The opera is based on a play by J M Synge, I think the libretto is pretty much the play. It was directed by Fiona Shaw, I wasn’t that impressed but it was the first opera she’s directed I think and it’s probably not the easiest one to start off with. She had Cathleen and Nora running all over the stage all the time and like waving their hands about which I thought it was all a bit OTT really. And it was a bit weird in Luotonnar having Susan Gritton standing in this boat that was turned on its end and she was like standing on this shelf thing halfway up it.

There were also videos in the background was which was a really interesting idea but mostly in Luotonnar I was just looking at Susan, maybe that’s just the guys though! And the lesbians obviously and to be honest I didn’t really notice the videos in Riders to the Sea much. It really worked in Gaddafi but not in this one.

The libretto’s in the programme, I don’t know if the ENO’s done that before. It was too dark to follow the libretto and there were surtitles anyway but it’s good I think, you can buy books with the libretto in and quite often you get them with recordings but the books are like 5 quid and the recordings with librettos usually cost £25 except some can be twice as much.

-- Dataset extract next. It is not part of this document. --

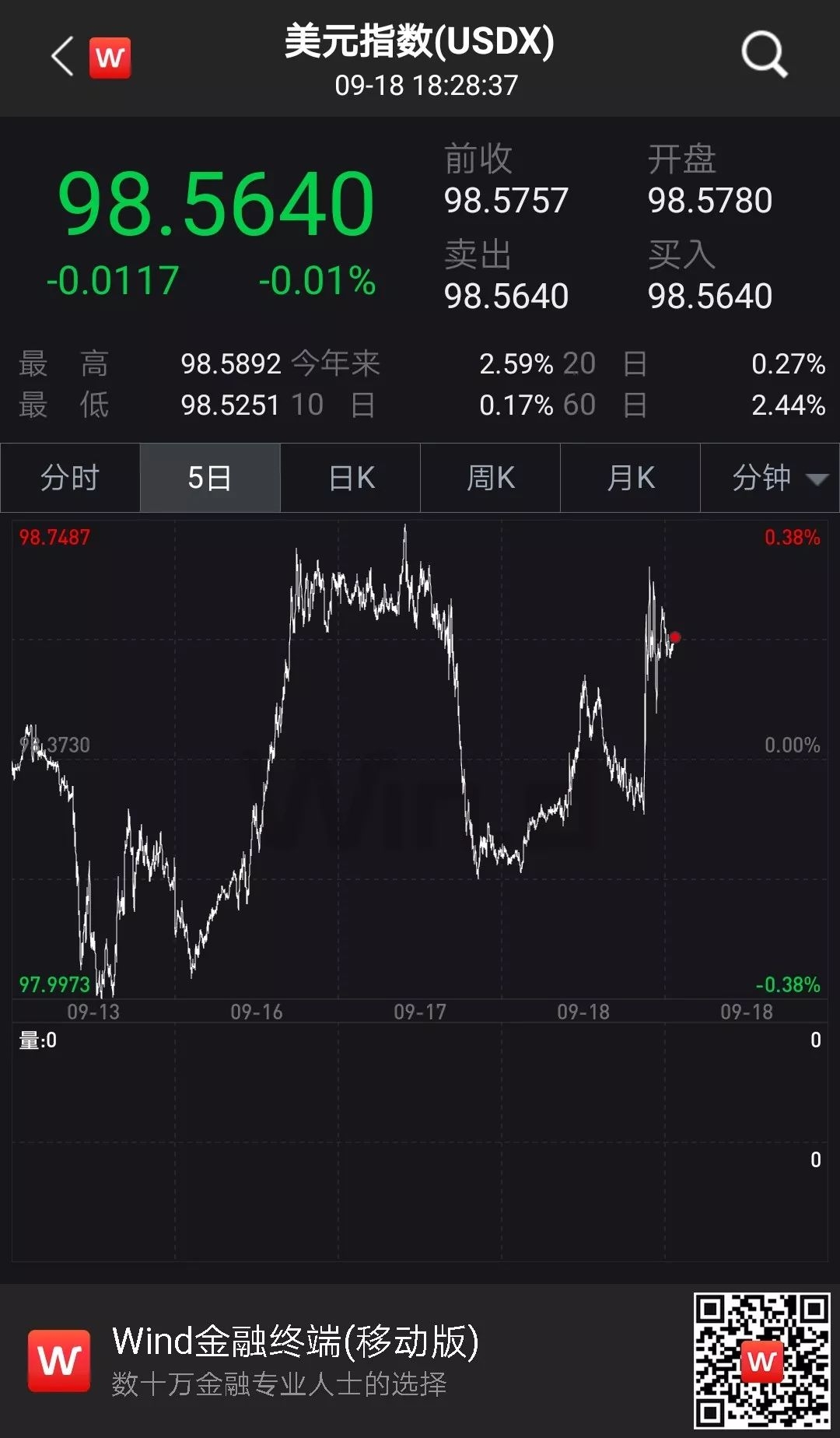 纽约尾盘,美元指数涨0.37%报98.5757;欧元兑美元跌0.39%报1.1029;英镑兑美元跌0.24%报1.2470;澳元兑美元跌0.55%报0.6828;美元兑日元涨0.29%报108.445;离岸人民币兑美元涨31个基点报7.0832。
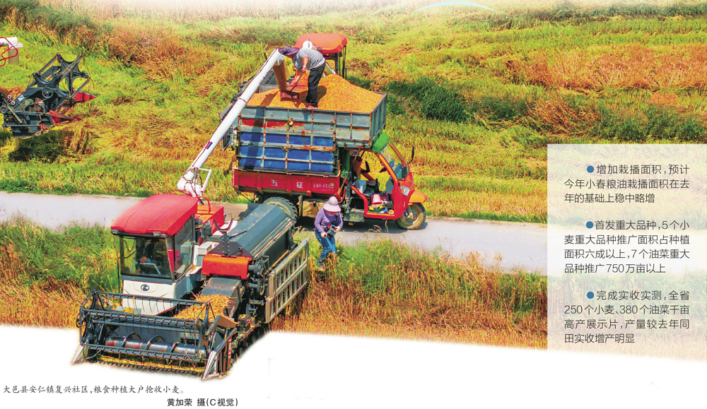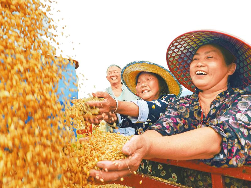 达州市通川区北山镇丰登村麦田里,村民感受丰收的喜悦。邓良奎 摄(C视觉)

Hairy will know all about that. But if the ENO programme has the libretto in it still costs £4.50. Most librettos are longer because the operas are longer but this one was only 5 pages and maybe most librettos wouldn’t be much longer because they sing the same thing like 10 times. Like Handel arias, they can take 5-10 minutes to sing them but some of them are only 4 lines long.

One thing that’s really different about this opera is that there aren’t really any people who hate each other. Maurya is a bit pissed off with Bartley when he says he is going over the sea and she can’t stop him but apart from that it’s the characters against the sea. It worked really well but I reckon if it had been much longer I’d have got a bit fed up with it, operas need conflict mostly. But this one worked really well without all that.